|
OO is better because bundling data and code together is better, because code is data, and I have no idea what I'm babbling about. </strawman> The real advantage of OOP, as used today in Java/C++, is instantiation. Instead of having procedures working on global variables, you have procedure working on local variables, including complex data structures. Instantiation took some time to get widespread adoption. Originally, even local variables were actually global, scoped variables, thus forbidding even recursive calls (see earlier versions of FORTRAN). Programming languages since use a stack to instantiate their local variables (and return pointers), thus enabling recursion. The instantiation of more complex data structures (arrays, user defined structs…) followed. Ironically, instantiation took some time to become ubiquitous in the C language even though it fully supported it from the very beginning, with a stack and user-defined compound types. Case in point: Lex/Yacc, which use global names (and state) by default.
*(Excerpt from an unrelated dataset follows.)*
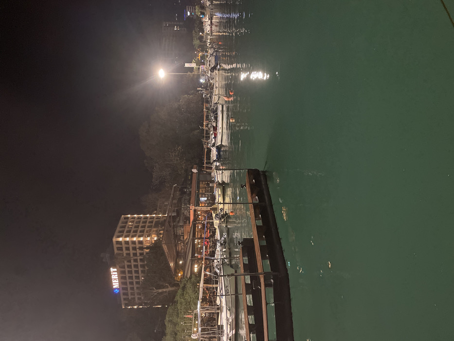 night scene with a body of water reflecting light. A pier with boats is visible, illuminated by artificial light. A tall building with the word "MERIT" is seen on the left. The scene suggests a waterfront setting with nighttime activity and building lights reflecting on the water. The atmosphere is dark except for the artificial lighting.

Now however, instantiation is so pervasive (global variables are assumed evil by default), that we don't even call it OO any more. We just call it good practice. |
This is another one of my pet peeves... If it's global (a static resource), make it a global. Local variables for static resources make code so much less readable. The only argument against globals is testing, and that's only an argument because common OO languages have no support for resetting global "objects"! Solution: Just don't use OO syntax in the first place - it's wrong. Just write init() and exit() functions.